(ASSIGNMENT) All of the data below is to be repeated exactly, except for the pictures.

┌─ MATERIAL PROVIDED

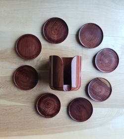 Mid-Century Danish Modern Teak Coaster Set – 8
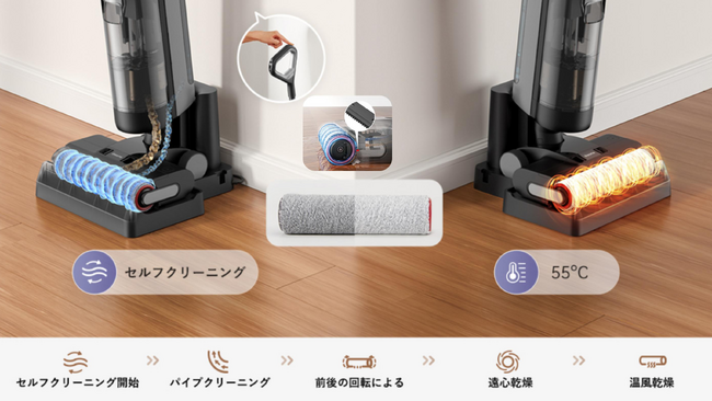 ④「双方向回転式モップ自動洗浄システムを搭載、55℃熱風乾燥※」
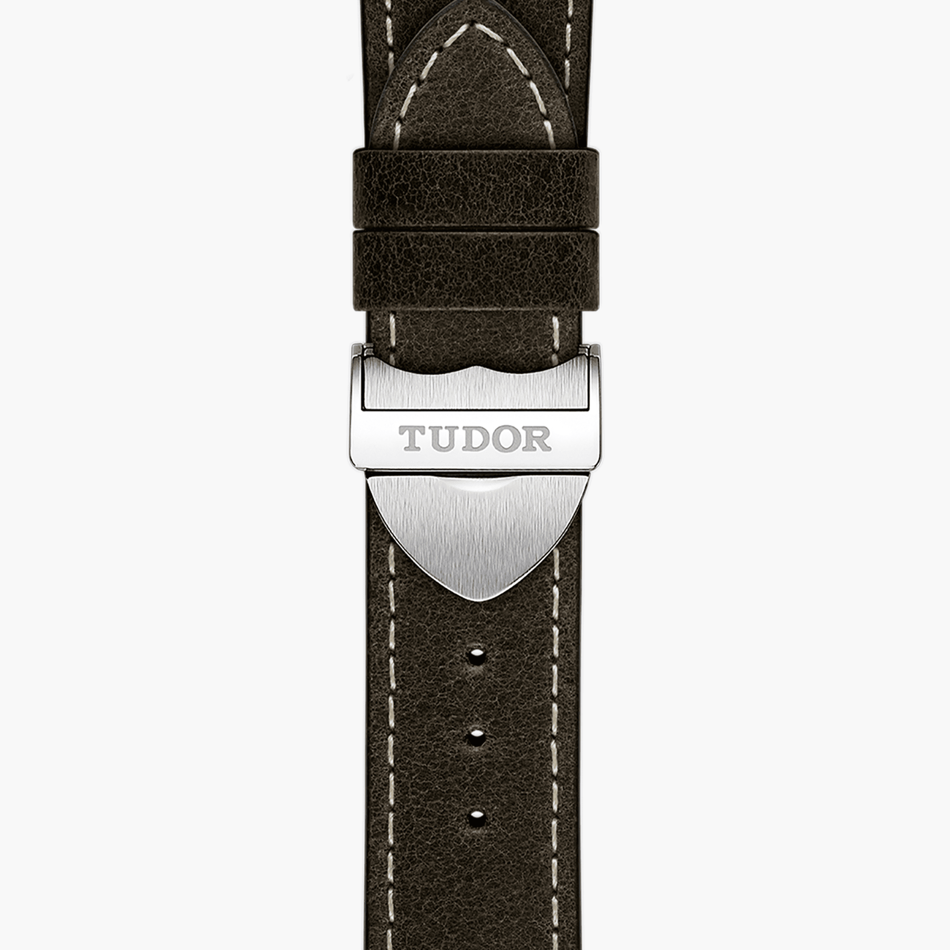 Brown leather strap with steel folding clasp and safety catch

└─

(TASK RESPONSE)
 Mid-Century Danish Modern Teak Coaster Set – 8
 ④「双方向回転式モップ自動洗浄システムを搭載、55℃熱風乾燥※」
 Brown leather strap with steel folding clasp and safety catch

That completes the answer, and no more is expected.